In duplicating the lines below, keep every word unchanged and drop the pictures.

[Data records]
-*-

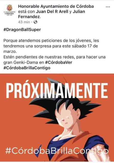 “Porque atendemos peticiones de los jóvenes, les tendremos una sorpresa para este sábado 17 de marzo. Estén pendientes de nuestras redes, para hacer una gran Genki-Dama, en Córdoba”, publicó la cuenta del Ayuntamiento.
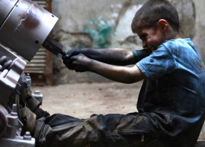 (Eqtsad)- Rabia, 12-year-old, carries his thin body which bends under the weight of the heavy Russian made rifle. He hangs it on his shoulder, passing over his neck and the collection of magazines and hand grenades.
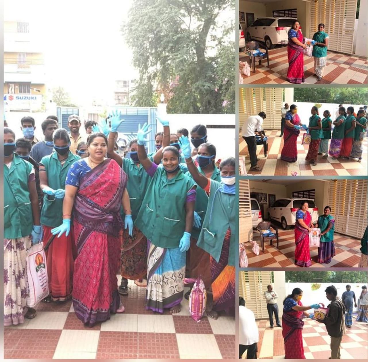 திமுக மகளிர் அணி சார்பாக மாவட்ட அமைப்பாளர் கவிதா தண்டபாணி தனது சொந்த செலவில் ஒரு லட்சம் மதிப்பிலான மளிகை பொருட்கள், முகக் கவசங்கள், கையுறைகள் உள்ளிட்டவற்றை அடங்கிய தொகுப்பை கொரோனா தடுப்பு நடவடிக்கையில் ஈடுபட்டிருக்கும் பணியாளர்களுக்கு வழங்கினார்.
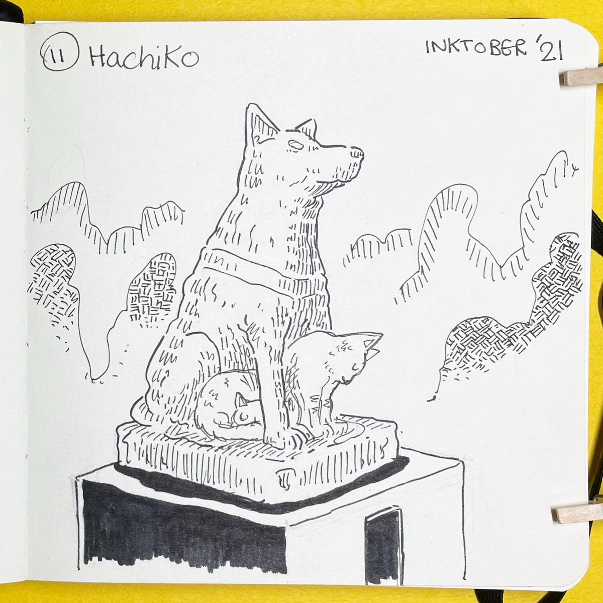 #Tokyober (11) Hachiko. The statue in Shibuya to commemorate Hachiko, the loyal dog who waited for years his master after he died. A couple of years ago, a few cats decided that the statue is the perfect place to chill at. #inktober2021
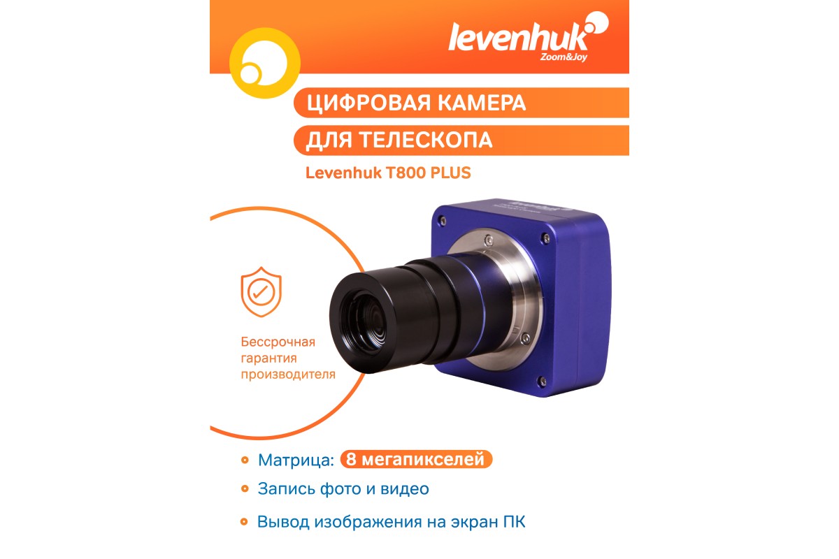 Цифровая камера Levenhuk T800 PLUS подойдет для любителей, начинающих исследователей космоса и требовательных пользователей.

-*-

_Written response_
 “Porque atendemos peticiones de los jóvenes, les tendremos una sorpresa para este sábado 17 de marzo. Estén pendientes de nuestras redes, para hacer una gran Genki-Dama, en Córdoba”, publicó la cuenta del Ayuntamiento.
 (Eqtsad)- Rabia, 12-year-old, carries his thin body which bends under the weight of the heavy Russian made rifle. He hangs it on his shoulder, passing over his neck and the collection of magazines and hand grenades.
 திமுக மகளிர் அணி சார்பாக மாவட்ட அமைப்பாளர் கவிதா தண்டபாணி தனது சொந்த செலவில் ஒரு லட்சம் மதிப்பிலான மளிகை பொருட்கள், முகக் கவசங்கள், கையுறைகள் உள்ளிட்டவற்றை அடங்கிய தொகுப்பை கொரோனா தடுப்பு நடவடிக்கையில் ஈடுபட்டிருக்கும் பணியாளர்களுக்கு வழங்கினார்.
 #Tokyober (11) Hachiko. The statue in Shibuya to commemorate Hachiko, the loyal dog who waited for years his master after he died. A couple of years ago, a few cats decided that the statue is the perfect place to chill at. #inktober2021
 Цифровая камера Levenhuk T800 PLUS подойдет для любителей, начинающих исследователей космоса и требовательных пользователей.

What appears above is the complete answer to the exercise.